**To do**
Don't include any picture when you restate the data word for word.

--------------------------------

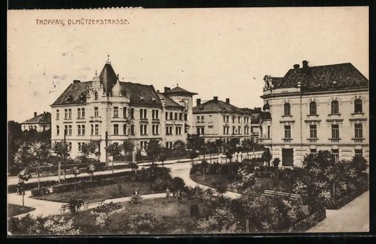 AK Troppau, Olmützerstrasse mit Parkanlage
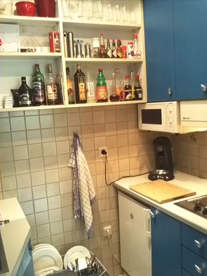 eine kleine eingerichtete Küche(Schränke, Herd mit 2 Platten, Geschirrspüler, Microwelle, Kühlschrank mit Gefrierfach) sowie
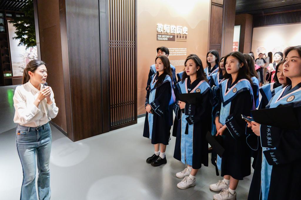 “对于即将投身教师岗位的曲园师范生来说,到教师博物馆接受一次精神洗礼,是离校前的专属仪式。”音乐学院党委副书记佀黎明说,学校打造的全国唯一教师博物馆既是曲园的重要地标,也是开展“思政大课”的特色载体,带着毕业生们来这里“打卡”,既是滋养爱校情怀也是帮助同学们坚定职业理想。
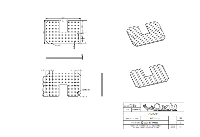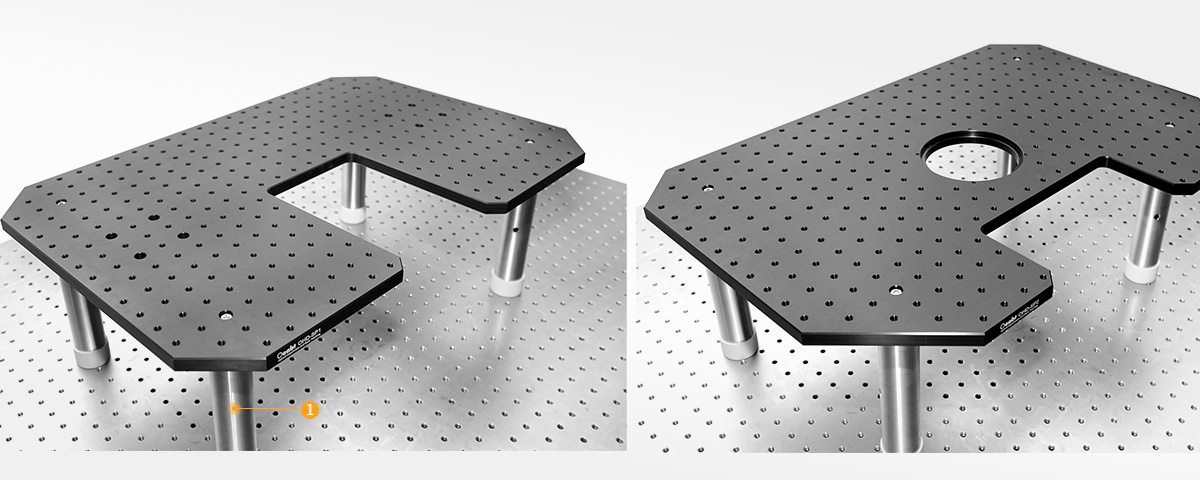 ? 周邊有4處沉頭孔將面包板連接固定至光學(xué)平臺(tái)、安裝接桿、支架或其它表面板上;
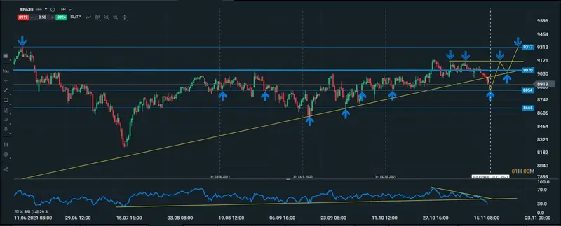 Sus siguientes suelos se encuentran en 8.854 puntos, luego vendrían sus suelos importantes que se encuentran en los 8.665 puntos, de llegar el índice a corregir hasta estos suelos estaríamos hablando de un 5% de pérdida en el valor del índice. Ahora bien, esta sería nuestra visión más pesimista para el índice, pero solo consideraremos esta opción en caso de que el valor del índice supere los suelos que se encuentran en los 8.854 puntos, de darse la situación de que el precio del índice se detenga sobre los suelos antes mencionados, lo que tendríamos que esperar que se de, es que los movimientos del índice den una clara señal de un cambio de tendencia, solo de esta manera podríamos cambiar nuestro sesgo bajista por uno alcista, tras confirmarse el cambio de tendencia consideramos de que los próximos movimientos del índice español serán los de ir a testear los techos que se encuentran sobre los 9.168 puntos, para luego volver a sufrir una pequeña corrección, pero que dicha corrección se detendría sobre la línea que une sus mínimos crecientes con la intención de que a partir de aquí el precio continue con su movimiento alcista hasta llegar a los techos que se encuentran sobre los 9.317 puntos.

--------------------------------

**Solution**
 AK Troppau, Olmützerstrasse mit Parkanlage
 eine kleine eingerichtete Küche(Schränke, Herd mit 2 Platten, Geschirrspüler, Microwelle, Kühlschrank mit Gefrierfach) sowie
 “对于即将投身教师岗位的曲园师范生来说,到教师博物馆接受一次精神洗礼,是离校前的专属仪式。”音乐学院党委副书记佀黎明说,学校打造的全国唯一教师博物馆既是曲园的重要地标,也是开展“思政大课”的特色载体,带着毕业生们来这里“打卡”,既是滋养爱校情怀也是帮助同学们坚定职业理想。
 ? 周邊有4處沉頭孔將面包板連接固定至光學(xué)平臺(tái)、安裝接桿、支架或其它表面板上;
 Sus siguientes suelos se encuentran en 8.854 puntos, luego vendrían sus suelos importantes que se encuentran en los 8.665 puntos, de llegar el índice a corregir hasta estos suelos estaríamos hablando de un 5% de pérdida en el valor del índice. Ahora bien, esta sería nuestra visión más pesimista para el índice, pero solo consideraremos esta opción en caso de que el valor del índice supere los suelos que se encuentran en los 8.854 puntos, de darse la situación de que el precio del índice se detenga sobre los suelos antes mencionados, lo que tendríamos que esperar que se de, es que los movimientos del índice den una clara señal de un cambio de tendencia, solo de esta manera podríamos cambiar nuestro sesgo bajista por uno alcista, tras confirmarse el cambio de tendencia consideramos de que los próximos movimientos del índice español serán los de ir a testear los techos que se encuentran sobre los 9.168 puntos, para luego volver a sufrir una pequeña corrección, pero que dicha corrección se detendría sobre la línea que une sus mínimos crecientes con la intención de que a partir de aquí el precio continue con su movimiento alcista hasta llegar a los techos que se encuentran sobre los 9.317 puntos.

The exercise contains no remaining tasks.